I. Factual and Procedural Background
To determine whether subject matter jurisdiction exists, a court may look past the complaint to any pertinent evidence. Sapperstein v. Hager , 188 F.3d 852, 855 (7th Cir. 1999). The complaint’s jurisdictional allegations are taken as true, though, unless the defendant offers evidence calling jurisdiction into question. Id. at 856. The undisputed jurisdictional facts in this case are taken from the Amlings’ federal and state complaints, as well as from the docket of a related federal case and certain public documents, all properly subject to the district court’s judicial notice.
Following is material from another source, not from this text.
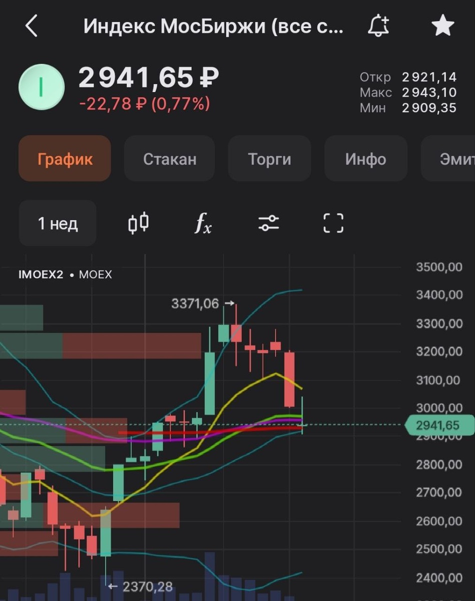 Индекс Мосбиржи #IMOEX2 приехал на тест недельной EMA55 и на уровни начала года.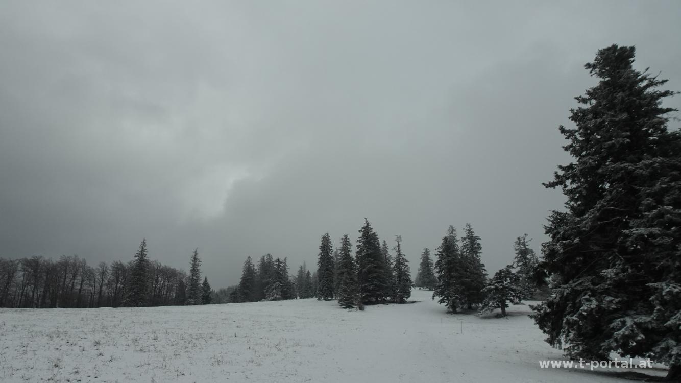Mit Erdklumpen an den Schuhen geht es durch den Wald weiter aufwärts. Wir folgen dem Jägersteig bis zur Lilienfelder Hütte und gehen dann über die Pisten/Wiesen weiter hinauf. Kurz vor der Bergstation des Lifts suchen wir uns einen Rastplatz. Sonne gibt es heute keine und somit fällt auch die Pause kurz aus. Wir marschieren auf der Straße noch weiter zum Sender am Muckenkogel, verzichten dann auf den weiteren Weg zur Traisner Hinteralm. Am gleichen Weg geht es hinab zur Lilienfelder Hütte und dann über die Wiese hinab.

Robert Amling began working in the horticulture industry in 1965 and continued in that career for the rest of his working life. At one point, Robert worked for National Greenhouse Company, whose products allegedly contained asbestos to which he was exposed during his work.
Sometime between 1965 and 1990, National Greenhouse’s assets and liabilities were transferred to Harrow Products, a division of Harrow Industries. In November 1990, Harrow Products executed an asset-purchase agreement with Nexus, transferring all of National Greenhouse’s assets and, critically for our purposes, some of its liabilities to Nexus, as defined by the agreement.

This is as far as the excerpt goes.